Untuk proyek ritel lainnya INPP juga telah menghadirkan banyak fasilitas itu bahkan menjadi ikon di kawasannya seperti  beachwalk Shopping Center Bali, Park 23 Creative Hub, dan 23 Paskal Shopping Center, dan sebagainya. Sementara untuk lini residensial INPP tengah mengembangkan One Residence Batam, serta Apartemen 31 Sudirman Suites  dan Antasari Place Jakarta.

INPP juga piawai menggarap proyek yang terkendala dengan mengakuisisinya. fX Sudirman, 23 Paskal, Harris Hotel, dan yang terbaru Antasari Place merupakan proyek hasil akuisisi dengan mengambil alih dari manajemen lama. Hingga saat ini INPP telah mengakuisisi sebanyak tujuh proyek.

“Hingga saat ini INPP telah mengembangkan tidak kurang 24 proyek dengan tujuh proyek hasil akuisisi dan 0 persen yang gagal,” ujar Anthony Prabowo Susilo, Presiden Direktur & CEO INPP saat acara media coffee break di Antasari Place, Jumat (9/9).

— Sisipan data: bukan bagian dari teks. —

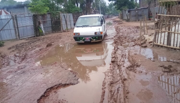 জুড়ানপুর প্রতিনিধি: দামুড়হুদার বিষ্ণুপুর মোড় থেকে রামনগর পর্যন্ত দীর্ঘ ৭ কিলোমিটার সড়কের বেশির ভাগই খানাখন্দে বেহাল অবস্থা। এছাড়া ওই সড়কের বিষ্ণুপুর গ্রামের উত্তরপাড়া থেকে ইব্রাহিমপুরের দিকে হাফ কিলোমিটার রাস্তাটি বেশি ঝুঁকিপূর্ণ। এই অবস্থায় ওপর দিয়ে চলছে সব ধরনের গাড়ী ও ভারী যানবাহন। যেকোনো সময় ঘটতে পারে বড় ধরনের দুর্ঘটনা। সামান্য বৃষ্টিতেই সড়কে পানি জমে সৃষ্টি হয় জলাবদ্ধতা। এতে সড়কটিতে জনসাধারণের চলাচল চরমভাবে ব্যাহত হচ্ছে। প্রতিনিয়তই এই ভাঙা সড়কে ঘটছে ছোট-বড় দুর্ঘটনা।

Saat ini porsi pendapatan INPP 80 persennya dari pendapatan berulang atau recurring income. Hal ini menjadi salah satu kunci sukses perusahaan dalam mengembangkan proyek yang diakuisisinya dengan menggunakan modal sendiri. Antasari Place misalnya, sejauh ini belum menjual unitnya dan masih fokus pada pembangunan untuk menunjukan kepercayaan pada konsumen yang lama.

Direktur Utama Antasari Place A.H Bimo Suryono menjelaskan, pembangunan proyek Antasari Place masih berpatokan pada IMB yang lama sehingga tidak ada perjanjian terhadap konsumen yang diubah. Justru ada banyak penambahan atau upgrade untuk ruang terbuka hijau yang lebih luas, penyediaan fasilitas, maupun keberagaman tenant mix untuk fasilitas ritelnya.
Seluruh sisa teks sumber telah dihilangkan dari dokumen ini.